Nadella’s Rise As Change Agent Inside Microsoft

Satya Nadella came up throughout the ranks the hard way, with internal opposition. That’s why he’s the appropriate man to alter Microsoft.

The appointment of Satya Nadella to CEO at Microsoft can have come as a surprise to many, but shouldn’t for many who know the corporate best. Forrester was an active Microsoft watcher and consultant since its founding. I’ve worked with the company’s Server and Tools division for the last five years. I’ve met with Satya a pair times prior to now year and had lengthy discussions with managers who’ve worked closely with him (some still at Microsoft, some not). Here is what i will inform you about him from what I’ve learned.

Satya came to Server and Tools division from the web group, where he ran the Bing search engine team. In this time, he learned how online businesses differ from on-premise enterprise applications and the significance in that business of moving fast. He was delivered to Server and Tools to educate them this agile online model.

This move was a little bit an experiment really, because his charter was to bring speed to a business not known for it. Frankly it was unproven whether this approach could fit culturally with this division or work for this class of shopper. The change meant getting not only Windows Azure to transport at this speed (that was logical) however the server OS, SQL Server database, and the remainder of the enterprise software during this division off the linear waterfall development method. It also meant working to transition all its applications over to SaaS and onto Windows Azure ASAP.

Nadella suddenly met some serious cultural and political barriers, with many incumbent managers (most adamant being the SQL Server team) who fought this variation very hard.
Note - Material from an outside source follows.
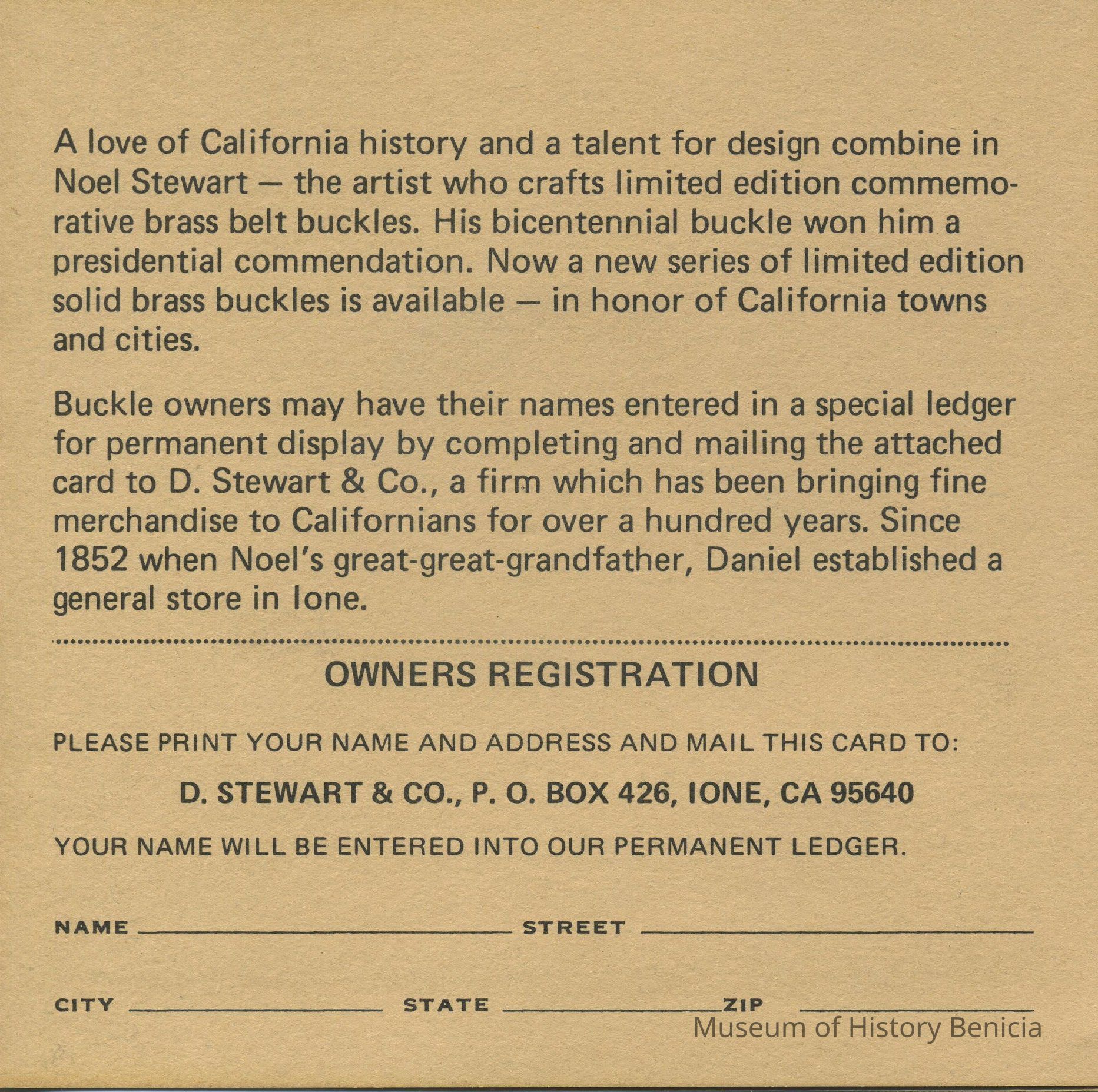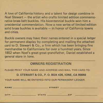 Booklet accompanying the "Benicia" Buckle;

He refused to go into reverse or compromise at the shift to cloud, and many the managers who refused to get on board aren’t there anymore.

[Desire to learn more concerning the many challenges facing Nadella in CEO role? See Satya Nadella: 6 Must-Dos For Microsoft’s New CEO.]

Nadella found a robust partner at the engineering side, Scott Guthrie (now his successor and president of the Server and Tools Group), to aid him convince the engineering ranks of the advantages of moving to the agile model. Guthrie is the rare executive who maintains his credibility throughout the engineering ranks. Not just can he set direction, manage the cheap, and drive architectural vision, but he can sit at your desk, review your code, and fasten your bugs. It truly is key to how he won over a reluctant engineering group.

Nadella was also instrumental in restructuring the sales compensation model — a step that was critical to moving the corporate and its customers over to a cloud-first strategy. He pushed for commission accelerators for Office 365 and Windows Azure sales — especially as add-ons to existing enterprise agreements.

Nadella is a difficult, numbers-driven leader. He has a name for being very tough, but not a screamer like Ballmer — more low key and thoughtful, but strong.

He still has a number of work to do to get all of Microsoft to embrace agile schedules and maybe an even bigger battle to get its partners and its customers happy with subscriptions and the brand new pace of change. He is usually a little bit of a bull in a China shop on these issues, but i like his approach. He isn’t willing to compromise at the priority of this alteration.

In my opinion his selection is a superb thing for the total direction of the corporate, because he’s a visionary, has passion for change, is making it happen, and knows what it takes to drive change within the unique Microsoft culture. An intruder would have a troublesome time accomplishing this coming in fresh. Time is of the essence for Microsoft to make this variation.

Too many companies treat digital and mobile strategies as pet projects. Listed here are four ideas to shake up your organization. Also within the Digital Disruption issue of InformationWeek: Six enduring truths about selecting enterprise software. (Free registration required.)

James Staten is vp and principal analyst serving infrastructure & operations professionals at Forrester Research.